Gluten Free | Low GI | Low Carb | Grain Free
|Cauliflower||1 in number, medium size||<10||Negligible|
|Capsicum (red and yellow)||1 in number each, diced||<50||Low|
|Onion||1 in number, diced||<10||Negligible|
|Green Chilies||2 in number, silted||<20||Very Low|
|Garlic Cloves (optional)||2-3 in number, chopped finely||<20||Very Low|
|Non filtered oil||2 Tbsp.||0||Nil|
|Salt (Pink:Regular)||As per taste (1:1)||0||Nil|
|Pepper||As per taste||0||Nil|
|Fresh Cheese||2/3 cubes grated or diced||0||Nil|
|Gond (Gum Katera/Gundar)||1 Tsp.||0||Nil|
|Salt & Pepper||To Taste||0||Nil|
|Herbs of your choice||1-2 Tsp.||<10||Negligible|
Note: All ingredients used should be organic, free from pesticides and Non-GMO.

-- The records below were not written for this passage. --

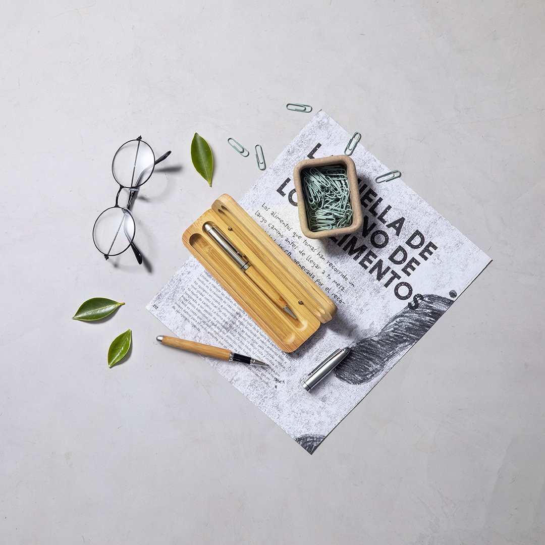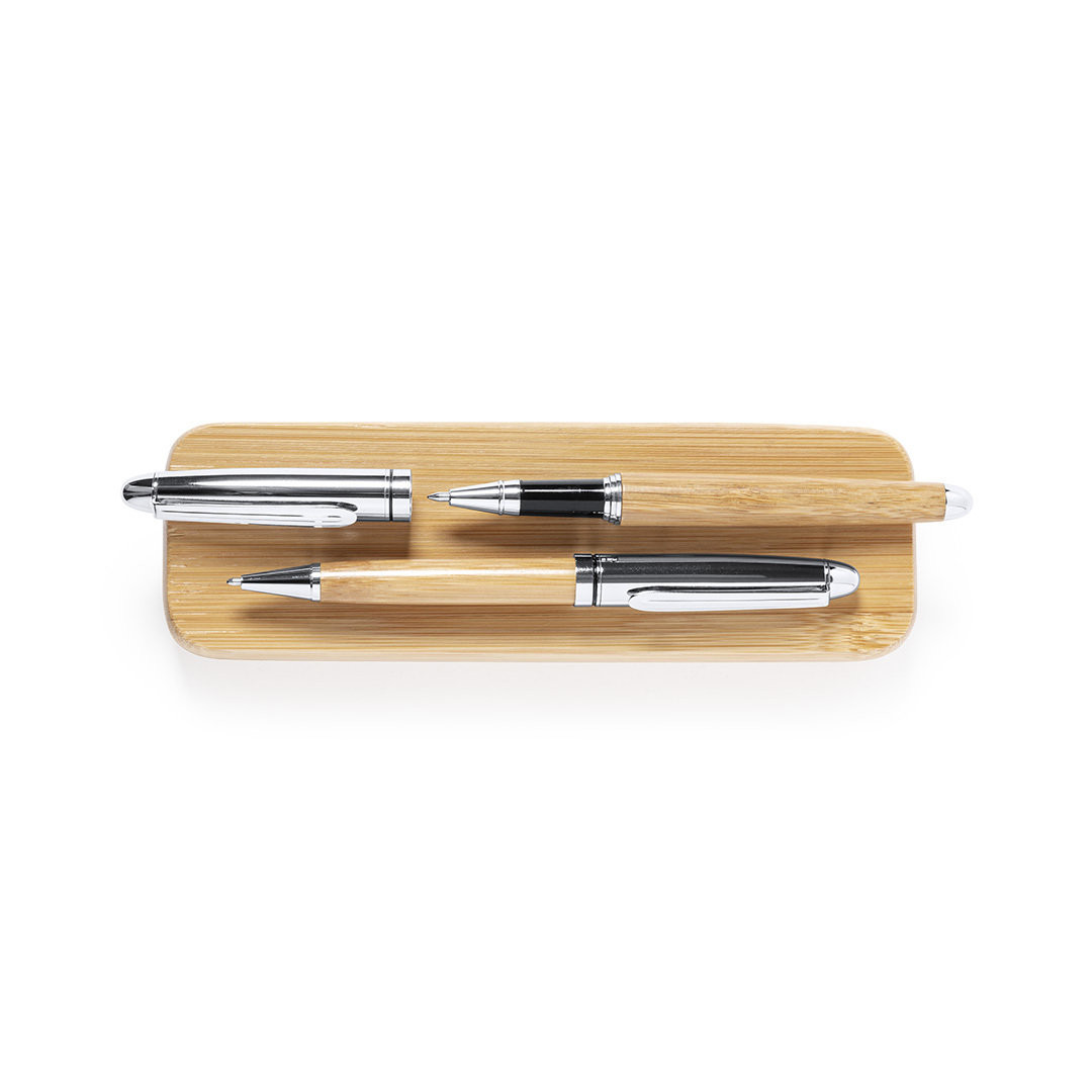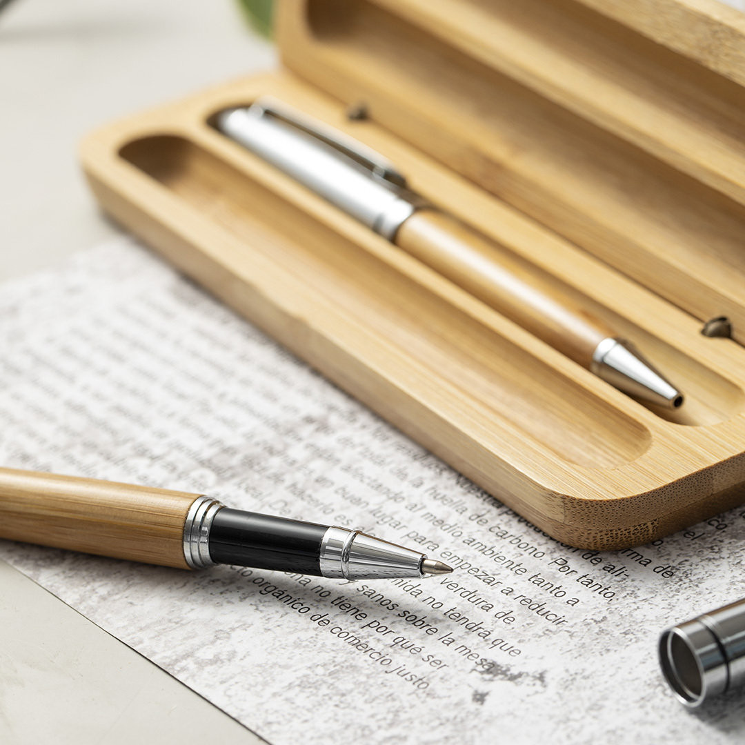 Set de bolígrafo y roller de línea nature. Fabricado en combinación de bambú con metal, para así fomentar la utilización de materias primas naturales y reducir las emisiones contaminantes. Bolígrafo de mecanismo giratorio en tinta azul. Roller con capucha, tinta gel en azul y carga jumbo. Presentado en estuche individual de bambú. Bolígrafo y Roller. Carga Jumbo
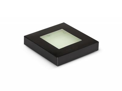 Round Clarity Glass Coasters Sets area a Set of two round glass coasters in an elegant black gift box with a window to show off the brand.
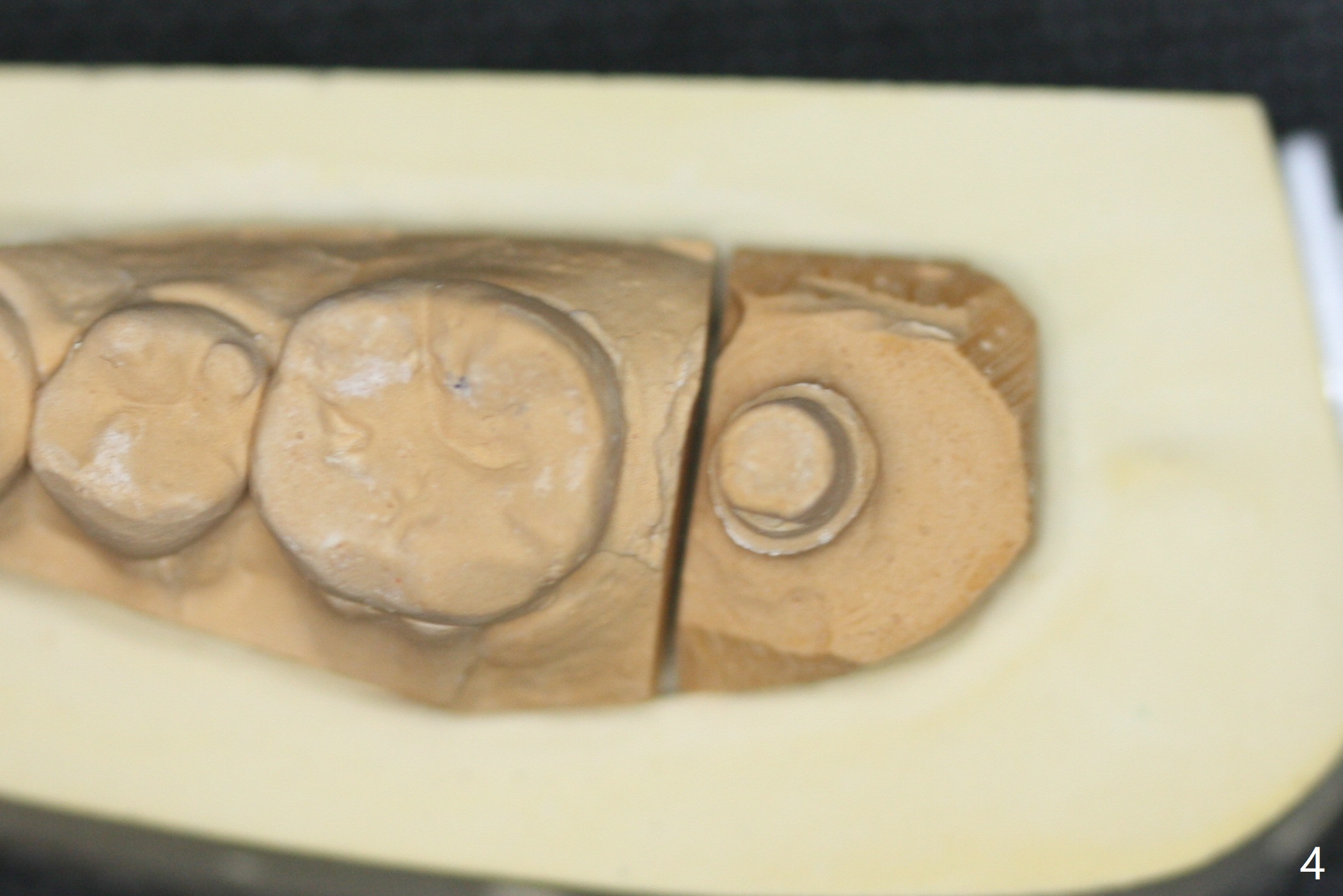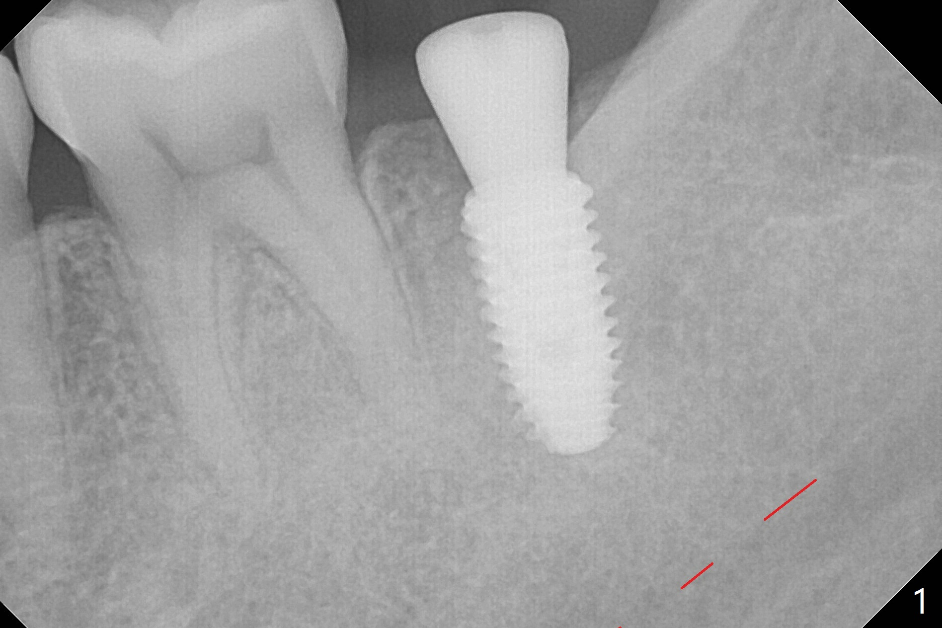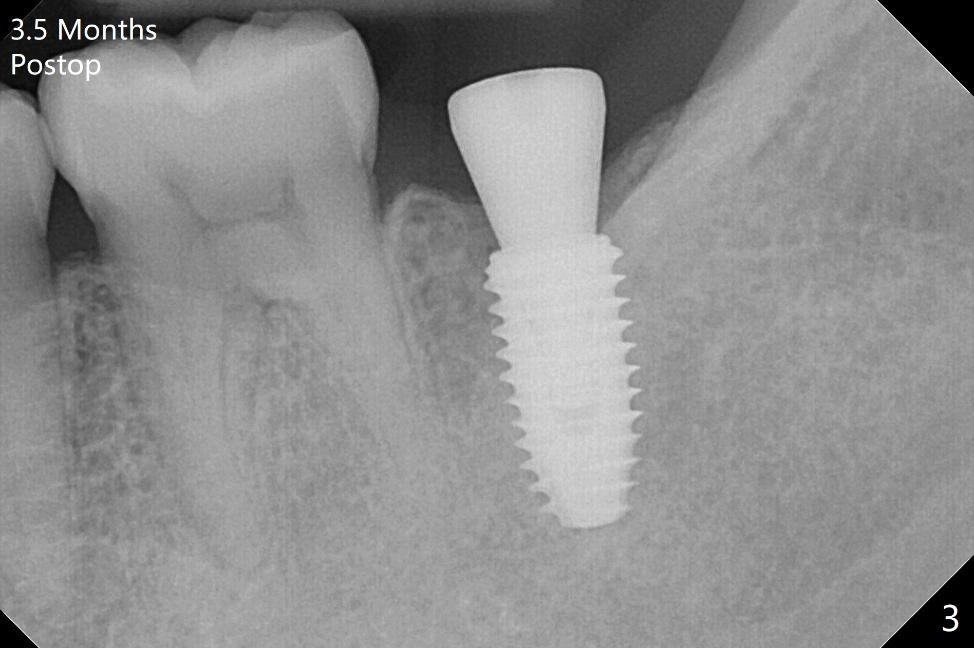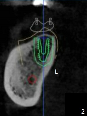 As usual, one ampule of 2% Xylocaine with 1:100,000 Epinephrine provides profound anesthesia and hemostasis at the site of #18. A 5x10 mm implant is placed with guided surgery in ~10 minutes. A shortage is low stability (10 Ncm), probably due to low bone density, which is not detected early (with increasing drill diameters). When a 5 mm tap is being used, there is basically no resistance. In fact the tap should be not used. When a 5.5x5 mm healing abutment is placed, hemostasis is achieved (Fig.1). There is sufficient clearance from the Inferior Alveolar Canal (red dashed line). More important is there is no risk of perforation of the lingual (L) plate as by design (Fig.2). There is no reported postop pain. There is no bone loss around the implant 3.5 months postop, which suggests that it is an atraumatic procedure (Fig.3). The all-purpose guide also allows neutral placement of the implant buccolingually (Fig.4), as compared to the partial one.
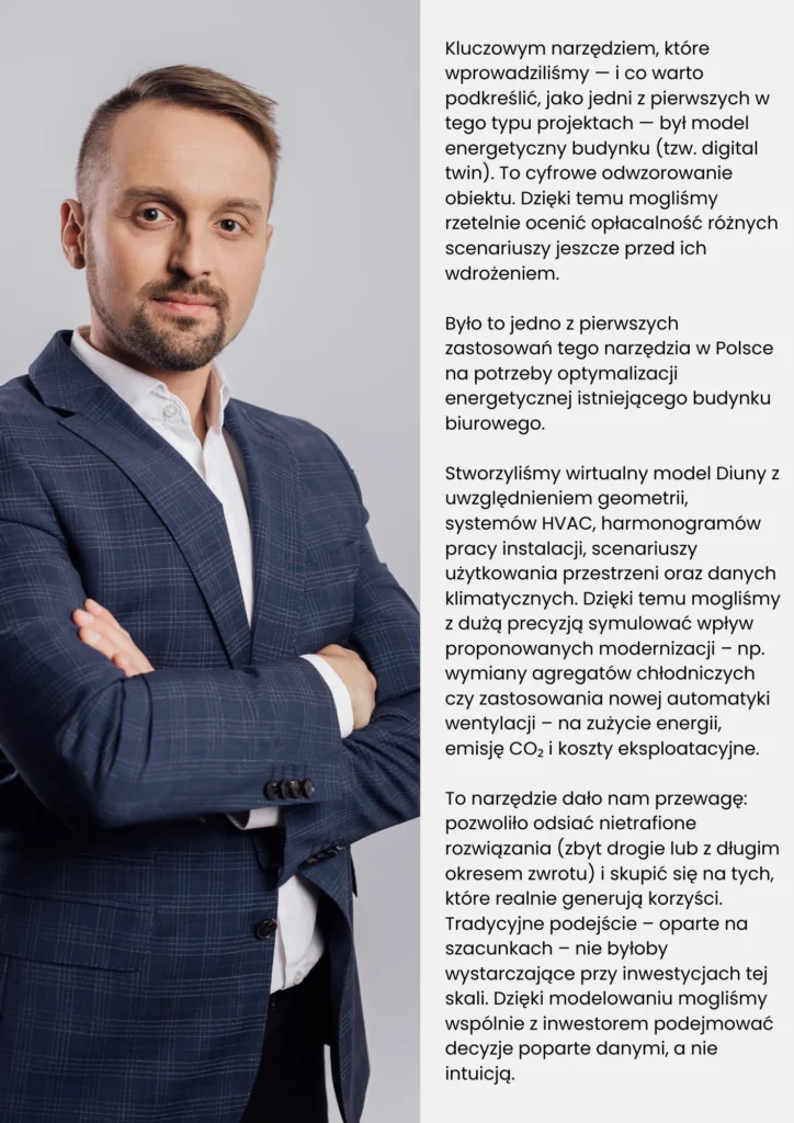 Projekt Diuna pokazuje, że nawet istniejące budynki mogą osiągać bardzo wysoką efektywność energetyczną bez konieczności wyburzeń i budowy od nowa. Kluczowe są tu nie tylko technologie, ale również przemyślane podejście analityczne, właściwe modelowanie energetyczne oraz świadomość inwestora.
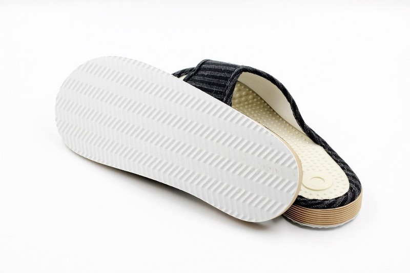 Thân dép bằng vải, phần đáy bằng nhựa mềm có các hạt massage giúp lưu thông máu tại gan bàn chân tốt hơn
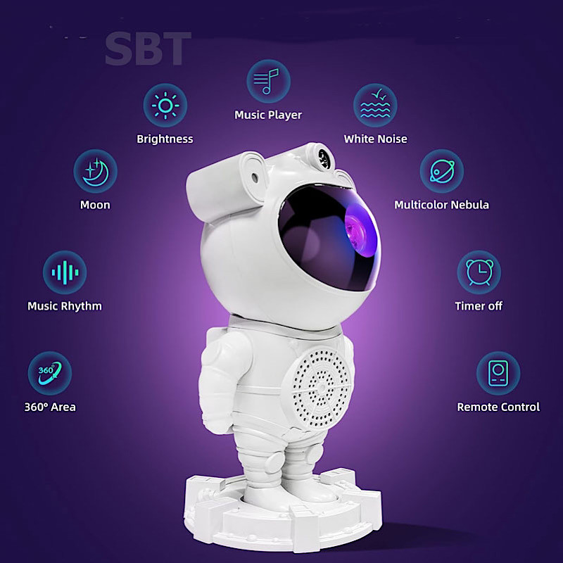 پروژکتور کهکشانی طرح فضانورد مدل اسپیکر دار یک چراغ خواب یا نورپردازی با قابلیت پخش افکت تصویر زنده کهکشانی در رنگ های مختلف به همراه لیزر ستاره ای بر روی سقف و دیوار اتاق یا هر سطح دیگری است که به همراه افکت لیزر ستاره ای حس یک سفر کهکشانی را قبل از خواب به شما میدهد . این پروژکتور کهکشانی دارای یک اسپیکر بلوتوثی در قسمت پایه زیرین نیز هست که میتواند برای شما هر موسیقی آرامش بخشی را پخش نمایید تا بتوانید با آرامش به خواب بروید برای روشن شدن بلوتوث اسپیکر دکمه کوچک روی پایه را فشار دهید تا روشن بشود . تلفیق همزمان تصویر زنده کهکشانی و لیزر ستاره ای و اسپیکر بلوتوثی جذابیت اتاق خواب و خواب شما را چندین برابر میکند . این محصول دارای ریموت کنترل نیز می باشد که میتواند نور پرژکتور یا لیزر را کم یا زیاد و یا برای روشن ماندن محصول تایمر تعریف کنید که سر ساعت مشخص شده محصول خاموش بشود.
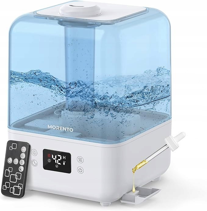 ✅ Marka: MORENTO✅ Pojemność: 4.5 litra✅ Funkcje: Nawilżanie, dyfuzor olejków eterycznych, lampka nocna✅ Sterowanie: Pilot, panel dotykowy, wyświetlacz LED, timer✅ Cechy: Napełnianie od góry (Top-Fill), kontrola wilgotności, cicha praca✅ Przeznaczenie: Sypialnia, pokój dziecka, biuro

- Cut the cauliflower into florets and boil in salt water.
- Heat oil and splutter the gundar in it till it swells and becomes cream in colour. Remove in a plate and keep aside.
- Add butter to the pan along with the remaining oil and add chopped garlic, green chillies, onions, capsicum and mushrooms. Cook till mushrooms are cooked and slightly golden on the edges.
- Mix all the veggies in a bake dish and keep aside.
- In a saucepan heat cream, coconut milk and cheese till the cheese is melted and the mixture begins to soft boil a bit.
- Add the fried gundar (for thickening) and continue to simmer till the gundar is completely dissolved.
- Add salt pepper and herbs of your choice. Remove the sauce from the stove and pour over the veggies in the baking dish.
- Optional – Bake for not more than 10-15 minutes till the sauce is slightly firmer and browning, in a pre-heated oven at 100 degrees Celsius.